Yes, when the pricing is right. Blended food cost of 22 to 32 percent is strong for street food, and cheap-to-make falafel and hummus carry most of the margin. On a good day you move 100 to 280 orders at a $13 to $18 average ticket, so a lunch shift targeting $1,500 to $3,000 is realistic. The killers are underpricing lamb items and over-ordering perishable protein.

Do I need a vertical broiler to run a gyro menu?

No. A full vertical broiler at $3,500 to $8,000 gives the authentic shaved-cone look, but plenty of high-volume trucks marinate and griddle their shawarma on a flat-top instead. I recommend opening on a $2,000 to $5,000 flat-top your first season and adding the broiler only once your daily volume can sell through an 80 to 120 pound cone without waste.

What is the difference between a Mediterranean and a halal food truck?

Mediterranean is a regional cuisine umbrella covering Levantine, Greek, and Eastern Med dishes. Halal is a sourcing and slaughter standard, not a cuisine. You can run a Mediterranean menu and make it halal by certifying your protein supply, but the two words answer different questions: one is what you serve, the other is how the meat is sourced.

How much does it cost to start a Mediterranean food truck?

Plan on $50,000 to $160,000, with most builds at $85,000 to $120,000 and a new fully fitted truck averaging around $109,500. Add ongoing costs: a commissary at $600 to $2,000 a month, a mobile vendor license at $150 to $2,000 a year, and insurance at $3,500 to $5,500 a year. Confirm every permit figure with your local health department.

Which Mediterranean menu items have the best margins?

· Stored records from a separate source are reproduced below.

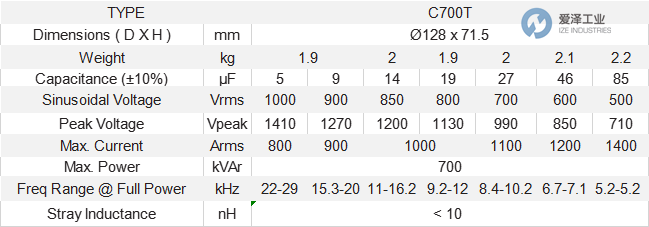 该电容器可提供高达 1000Vrms 的电压和高达 1400Arms 的电流。
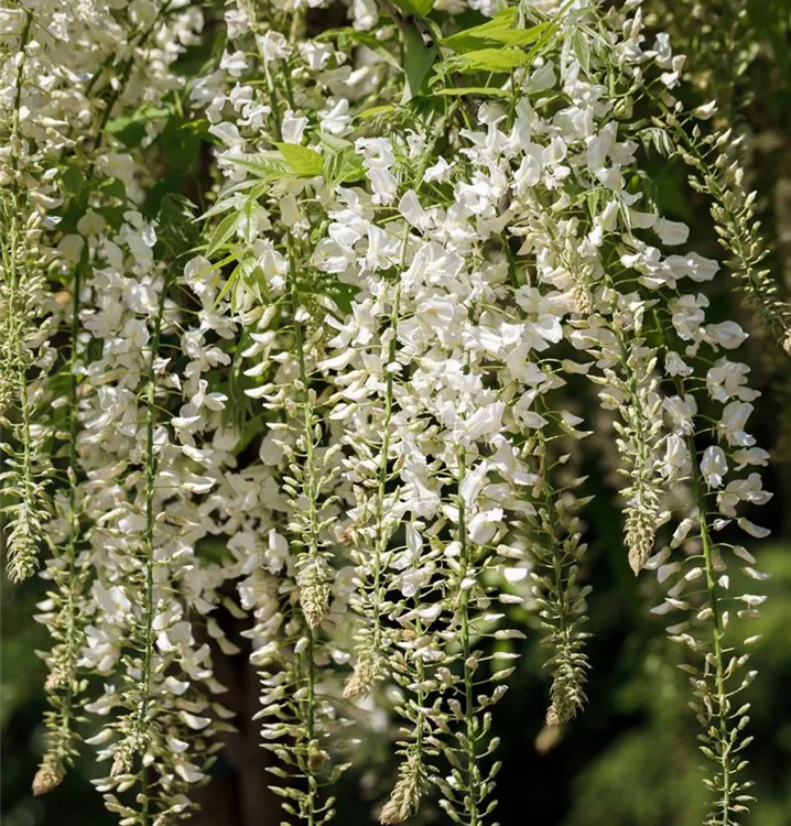 Warum nicht mal ein weißer Blauregen? Die weiße Sorte des Chinesischen Blauregens ist ebenso wüchsig und blühfreudig wie die blaublühende Verwandte. Wuchshöhe 6-10 m. Und ebenso robust. Ihr gefiedertes Laub ist frischgrün. Im Winter ist die Pflanze nicht belaubt. Dafür schenkt sie uns im April/Mai einen spektakulären Blütenhöhepunkt im Garten. Die weißen Blütenstände hängen in lockeren Trauben herab und verschönern Hauswände, Laubengänge und lauschige Sitzplätze im Garten. Die stark wachsende Kletterpflanze braucht für ihre verholzenden Triebe eine Rankhilfe. Wer sich eine besonders üppige Blüte wünscht, sollte den Blauregen nicht zu hoch werden lassen. Gut frosthart, wegen der frühen Blütezeit aber etwas empfindlich bei Spätfrösten im Frühjahr.
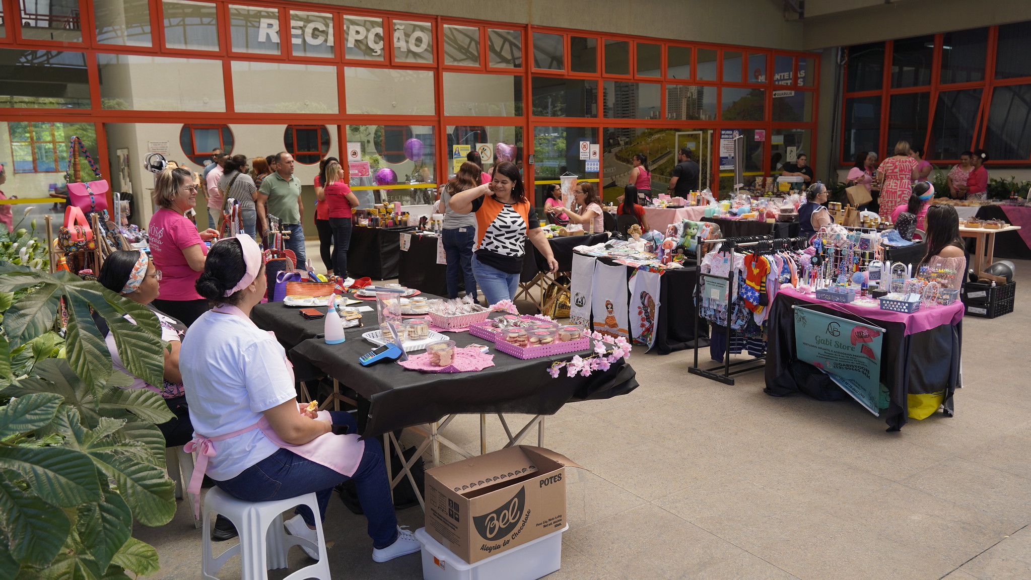 A feira é uma plataforma essencial para acolhimento e networking de empreendedoras de diversos setores, pois oferece um espaço valioso para que as participantes possam apresentar e comercializar seus trabalhos. Os itens expostos abrangem uma vasta gama de produtos, desde turbantes, bolsas, laços, nécessaires e calçados, até hidratantes, demonstrando a diversidade e a criatividade do empreendedorismo feminino de Guarujá.
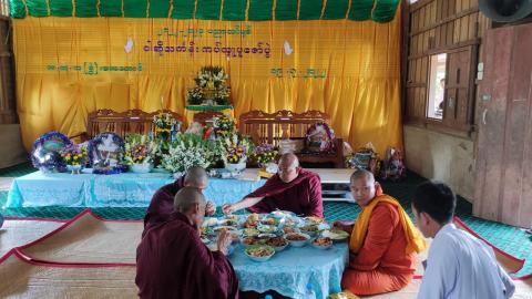 အထက(ခွဲ) မောတောင်ကျောင်း၌ သံဃာတော်မြတ်များအား ဝါဆိုသင်္ဃန်းနှင့် နေ့ဆွမ်းဆက်ကပ် လှူဒါန်း
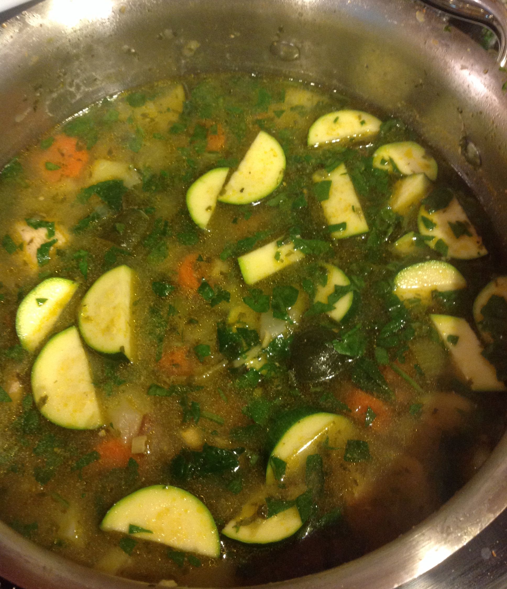 Stir in zucchini, spinach, and kale and simmer for 5 minutes.
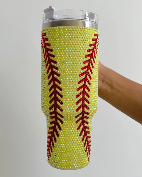 Crystal Softball Yellow/Red "Blinged Out" 40 Oz. Tumbler
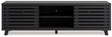 Entertain the art of modern living with this TV stand. Pairing a subtle wood grain look with a trend-right matte black finish, it’s beautifully in tune with your clean-lined design sensibility. Packed with potential, two sliding doors reveal even more adjustable shelving, just the ticket for storing your tech consoles, DVDs and games.

Falafel and hummus, at 16 to 24 percent food cost, are your margin champions because chickpeas and tahini cost pennies per serving. Chicken shawarma runs 24 to 28 percent. Beef and lamb gyro climb to 30 to 36 percent because the protein is expensive. Merchandise the falafel and bowls hard and price your lamb items to carry their cost.

Is Mediterranean food really a healthier truck concept?

It reads that way to customers, which supports a higher average ticket. The menu leans grilled protein, legumes, olive oil, vegetables, and whole-grain pita, and the bowl format lets people control portions. That said, you still fry falafel and fries, so it is not calorie-free. The health halo is a genuine marketing advantage, but do not oversell it.

The bottom line

A Mediterranean food truck is one of the smartest concepts you can open because the ingredients are cheap, the menu shares components, and customers walk up already believing it is good for them. But none of that saves you if you underprice your lamb or buy a broiler your volume cannot feed. Do the food-cost math before you set the board, open on a flat-top until you have earned the broiler, and keep the menu tight around shared parts. Get those three right and the window pays for itself. From my years on the truck, pricing discipline beats equipment every time. Get them wrong and you will spend a season learning the lessons I paid for the hard way.